Do you remember the vuvuzellas hollering they did before the Sewa Grounds Market project? One can hardly put one’s finger on any big project that the City Council has started and satisfactorily completed since the local government was reinstituted in Sierra Leone in 2004. The Sewa Grounds Market Project is one good example. Just check out the trumpeted Sewa grounds Market which started around 2009 and was abandoned after some three years for a brand new contract to a similar project. Who really cares about the money wasted? What do they know about accounting to tax payers?
Should we talk about Victoria Park? Whatever they started doing there had long stagnated and they are struggling to save their face. These days it seems the place is a city farm where they keep burning overgrown grass. The annoying visible signs of the mess at Victoria Park are those three ugly and lousy lion carvings which look like geniuses of hunger, even the war years never produced. Imagine the Council holding on to the only park Freetown can boast of, locking it out to the public. That place was the resting place for the growing Freetown’s walking population that can hardly afford transportation fares.

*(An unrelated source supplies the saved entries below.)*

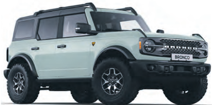
CACTUS GREY - LAKIER SPECJALNY 6 700,-
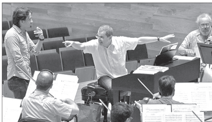
Es titular de la OSX

Todo participante deberá preparar previamente el programa a presentar y enviar un video vía link YouTube al correo: audiciones.osx@gmail.com , dirigiendo un concierto o ensayo. Esta grabación no debe ser mayor a 15 minutos.
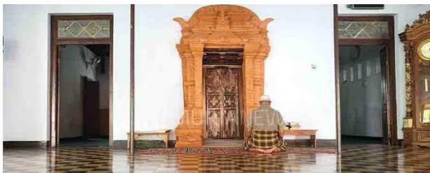
Gambar 2. Pintu padureksan yang diapit 2 pintu
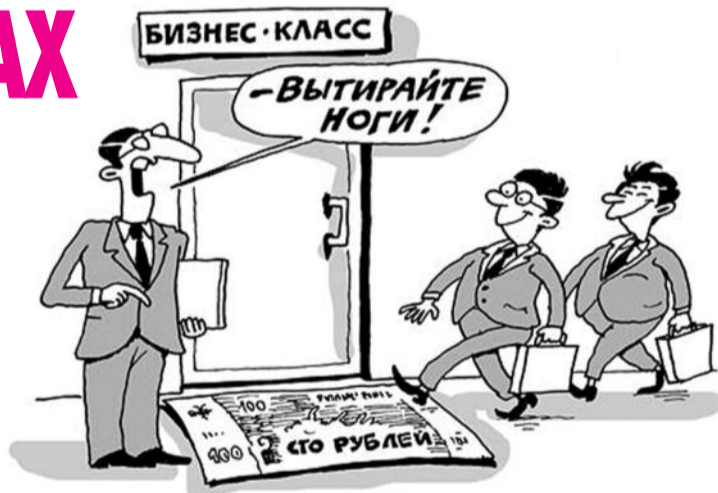
● НА РИС.: КОМУ-ТО СТИПЕНДИЯ — НОГИ ВЫТЕРЕТЬ, А КТО-ТО НА НЕЕ ЖИВЕТ

На сегодняшний день средняя стипендия студента составляет от 1 000 до 1 500 рублей в месяц. В разных вузах существуют также надбавки к стипендии малообеспеченным студентам или тем, кто ведет активную общественную жизнь и хорошо учится. Однако даже это не позволяет студентам посвящать достаточное время учебе. Активист СКМ Надежда ЕМШАНОВА , которая долгое время совмещает учебу в вузе и работу, убеждена, что получить полноценное образование в таких условиях практически невозможно:
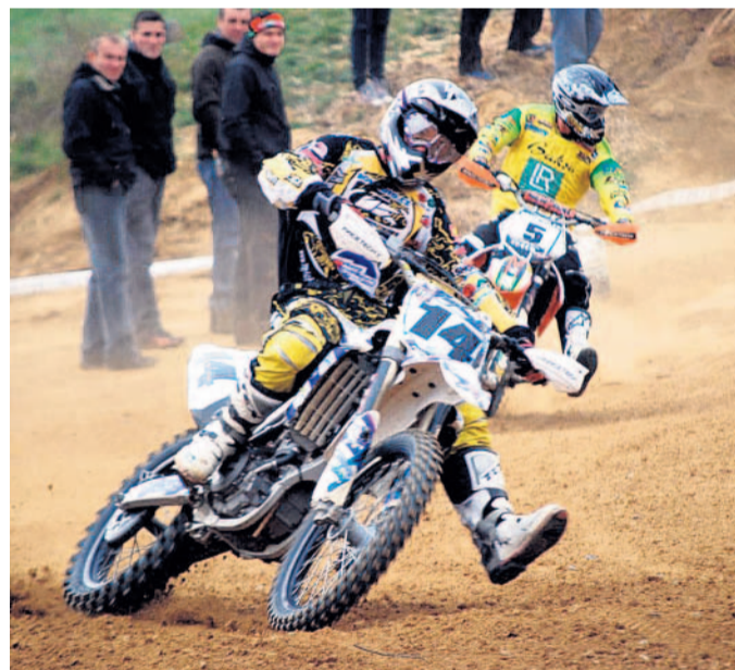
Klop to, klop to... Závod tradičně uzavírá domácí motokrosovou sezonu.

Vyhrajeme? V Přerově se sešlo patnáct tříčlenných týmů.
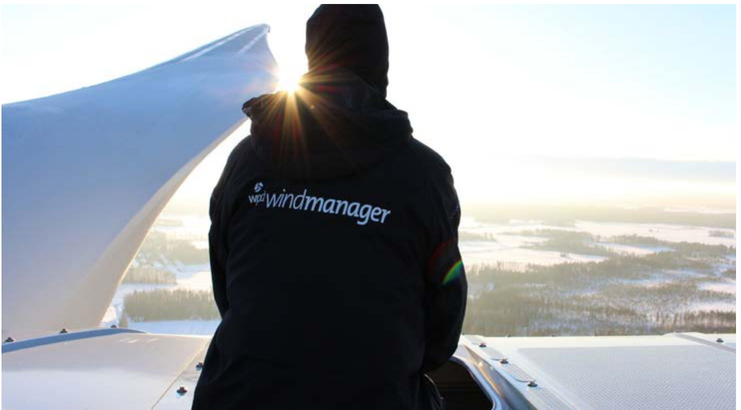
Bild: Anforderungen an den Betrieb von Windparks steigen enorm

Schreiben Sie uns Ihre Fragen und Themenwünsche: redaktion@pmwindenergy.de
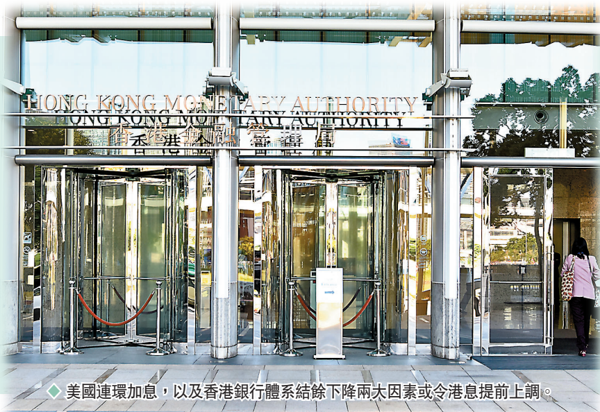
◆ 美國連環加息，以及香港銀行體系結餘下降兩大因素或令港息提前上調。
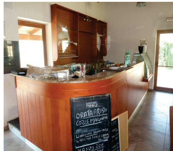
Foto n. 14 area bar
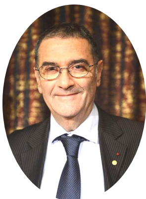
Ο Serge Haroche

Το 2014, Επίτιμος Διδάκτορας της Σχολής Θετικών Επιστημών αναγορεύτηκε ο Serge Haroche, ένας από τους πρωτοπόρους στην πειραματική μελέτη των κβαντικών φαινομένων.
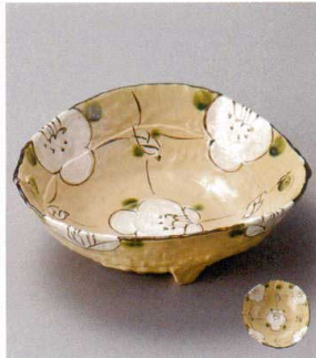
29512-019 格子花盛鉢 4,500円 (260×245×85mm)
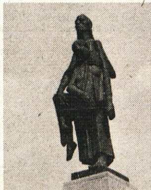
Spomenik v Ravensbrücku

Na meji med Zvezno republiko Nemčijo in češkoslovaško leži mesto Flossenburg, kjer so nacisti leta 1938 ustanovili osrednje taborišče. Prvi jetniki so bili nemški in avstrijski komunisti, pozneje so prihajali sem ruski jetniki, znane politične osebnosti drugih držav in visoki nemški oficirji vermahta, obtoženi sode-
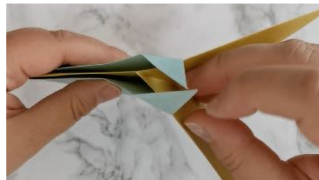
Plier les pointes qui dépassent et les glisser à l'intérieur du losange suivant
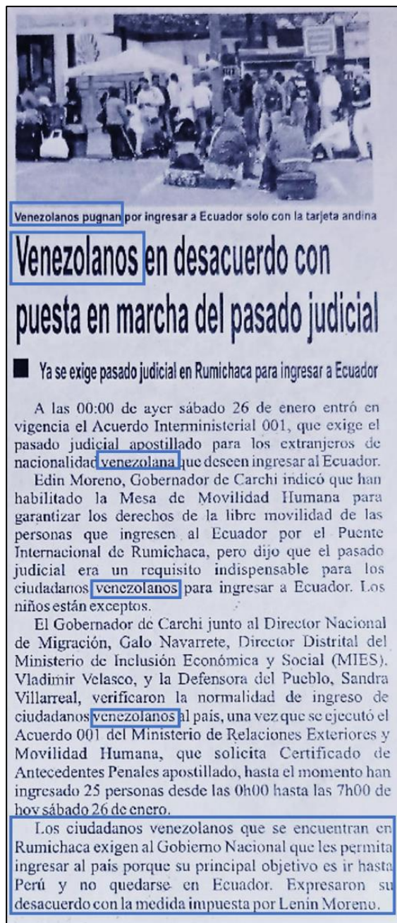
Figura 5. Nota 4 Diario La Nación.

En el análisis de los artículos se hace evidente el uso de estrategias de carácter cognitivo, las cuales dan significado al relato discursivo otorgándole al texto elementos de veracidad sobre el hecho que se difunde. Las intenciones pueden estar enfocadas en cumplir el rol de informar, al ser un medio de comunicación importante en la ciudad de Tulcán. El propósito es mostrar la realidad de migración venezolana desde las problemáticas que esto genera a nivel social, principalmente en lo relacionado al tema de seguridad.

Hey the Freetown City Council next boasted of building a market for Wilberforce. They said they will demolish the old one. This reminds me of the Eastern police Clock Tower which is now a mere tower because all the clocks there show different time zones either in North America, china, Russia or somewhere in the Antarctica. My God this is too dysfunctional to describe. But they will be there anyway.

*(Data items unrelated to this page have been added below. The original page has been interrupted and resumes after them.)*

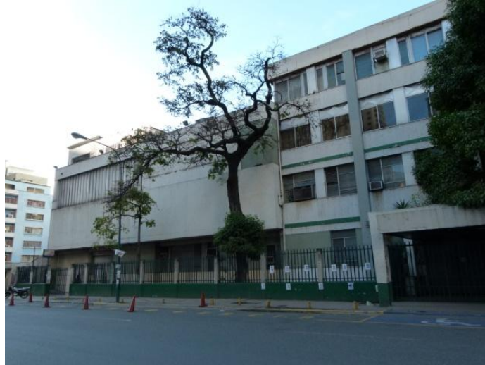
Fig 3. Edificio Principal

La Clínica Razetti tiene 80 años de funcionamiento ininterrumpido, en la misma ubicación: Avenida Este 2, entre Sur 19 y Sur 21, Parroquia La Candelaria. Ocupa la siguiente superficie: Edificio Central (Fig 3. 4 pisos), Anexo 1(Odontología) y estacionamiento, 6.454 m 2 de terreno. Anexo dos: Antiguo Edificio Colimodio (Fig 4: 6 pisos, consultorios, hemodiálisis y locales comerciales en la planta baja. Con más o menos 840 m 2 de terreno. Anexo tres: al sur del Edificio Colimodio, actualmente en disputa ante tribunales, por invasión popular. Consta de 5 pisos con 400 m 2 de terreno y que se llamó Instituto Clínico.
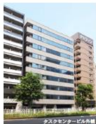
タスクセンタービル外観
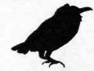
Coracine chauve Perissocephalus tricolor
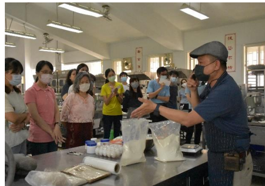
餐飲科教師介紹原料
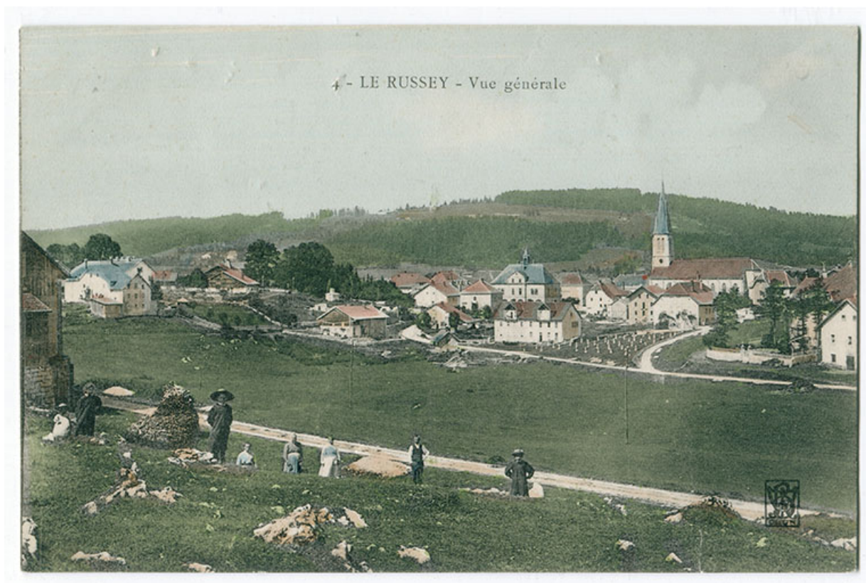
4 - Le Russey - Vue générale [depuis l'est], 1er quart 20e siècle [entre 1904 et 1909]. 25, Le Russey, 5 et 5 bis rue Clemenceau

The issue of garbage clearing in Freetown had for decades remained a very sore one. The challenges have been monumental and myriad. This is why the idea of sourcing the garbage clearing aspect of sanitation was a great relief to that near moribund outfit. First it was waste Management Company and recently, Masada. They landed with a very sexy slogan which goes: MASADA: Finally a clean smart solution. Well I can tell you for free that although they seem to be doing their best, far better than those before them, they are yet to prove themselves. Did I hear you say they have issues with the City council over payments? The challenges besting Masada are really not their own making. You need to go to the Lands and Country planning to find the answer. Even as I write somebody just said on radio that even when the slums in the Congo town are threatened by disaster, that Ministry is issuing building Permits like tickets at a stadium event. Can you imagine! There is hardly any planning done there. Otherwise we would not be in the mess we are in especially when it comes to accessibility and waste management. The question is can Masada succeed in this chaotic situation? As I said earlier, Masada cannot reach all the houses which are now sprawling sluggishly up the hills like old and tired snakes.

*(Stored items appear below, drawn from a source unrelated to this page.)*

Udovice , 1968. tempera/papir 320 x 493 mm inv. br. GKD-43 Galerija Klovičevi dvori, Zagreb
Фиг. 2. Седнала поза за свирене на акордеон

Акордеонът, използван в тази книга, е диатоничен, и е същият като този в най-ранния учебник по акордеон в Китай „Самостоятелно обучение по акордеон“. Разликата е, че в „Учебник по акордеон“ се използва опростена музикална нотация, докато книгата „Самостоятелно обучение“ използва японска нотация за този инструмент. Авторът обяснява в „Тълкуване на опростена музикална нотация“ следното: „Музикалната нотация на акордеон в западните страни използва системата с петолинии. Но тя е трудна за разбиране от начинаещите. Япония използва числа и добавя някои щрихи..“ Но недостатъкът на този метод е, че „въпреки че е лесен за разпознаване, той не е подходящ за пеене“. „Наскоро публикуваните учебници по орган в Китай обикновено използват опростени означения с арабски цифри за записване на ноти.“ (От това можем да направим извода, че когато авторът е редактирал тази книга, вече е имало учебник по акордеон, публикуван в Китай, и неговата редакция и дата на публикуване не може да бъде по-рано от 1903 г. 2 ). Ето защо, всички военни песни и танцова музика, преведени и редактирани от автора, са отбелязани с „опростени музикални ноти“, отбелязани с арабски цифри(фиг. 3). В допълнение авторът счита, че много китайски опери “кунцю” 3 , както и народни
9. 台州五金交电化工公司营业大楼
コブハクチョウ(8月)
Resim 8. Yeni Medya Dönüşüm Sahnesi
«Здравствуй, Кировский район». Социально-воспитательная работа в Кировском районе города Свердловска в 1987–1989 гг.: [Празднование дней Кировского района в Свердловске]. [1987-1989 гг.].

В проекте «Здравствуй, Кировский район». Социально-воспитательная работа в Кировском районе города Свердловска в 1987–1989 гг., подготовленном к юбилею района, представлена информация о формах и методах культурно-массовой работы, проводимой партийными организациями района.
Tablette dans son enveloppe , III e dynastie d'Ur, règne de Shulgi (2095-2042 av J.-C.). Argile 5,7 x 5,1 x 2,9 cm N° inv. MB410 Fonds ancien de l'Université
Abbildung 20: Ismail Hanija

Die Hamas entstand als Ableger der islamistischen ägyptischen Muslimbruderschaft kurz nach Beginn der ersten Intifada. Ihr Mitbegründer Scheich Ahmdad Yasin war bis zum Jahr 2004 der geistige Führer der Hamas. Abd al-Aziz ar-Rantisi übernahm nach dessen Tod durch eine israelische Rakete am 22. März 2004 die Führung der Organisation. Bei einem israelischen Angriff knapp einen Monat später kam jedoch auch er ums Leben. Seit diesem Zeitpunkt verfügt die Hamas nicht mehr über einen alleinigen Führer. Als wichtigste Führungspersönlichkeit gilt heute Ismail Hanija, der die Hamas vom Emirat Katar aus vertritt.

In the days of Late President J S Momoh we had Garbage Containers placed at strategic points around the city. The vehicles used to come and pick up the containers and off they went. When the Containers wore out and were not replaced, the spaces where the cans were standing were bought and with the connivance of authorities, buildings were put on them. Today there are hardly points safe enough to put containers even if Masada were to provide them.
Ebola lessons are just too fresh in our minds to make the same mistakes that cost so many of four compatriots live sand left our economy grossly deformed. Sanitation in the first place cannot be toyed with although in one forum recently, the ministry of Health and sanitation was not quite sure whose purview sanitation fell. At the time we witnessed some verbal drama when an official of the Ministry quickly put in a debunking red flag. All this demonstrates the level of commitment to solving our sanitation problem once and for all.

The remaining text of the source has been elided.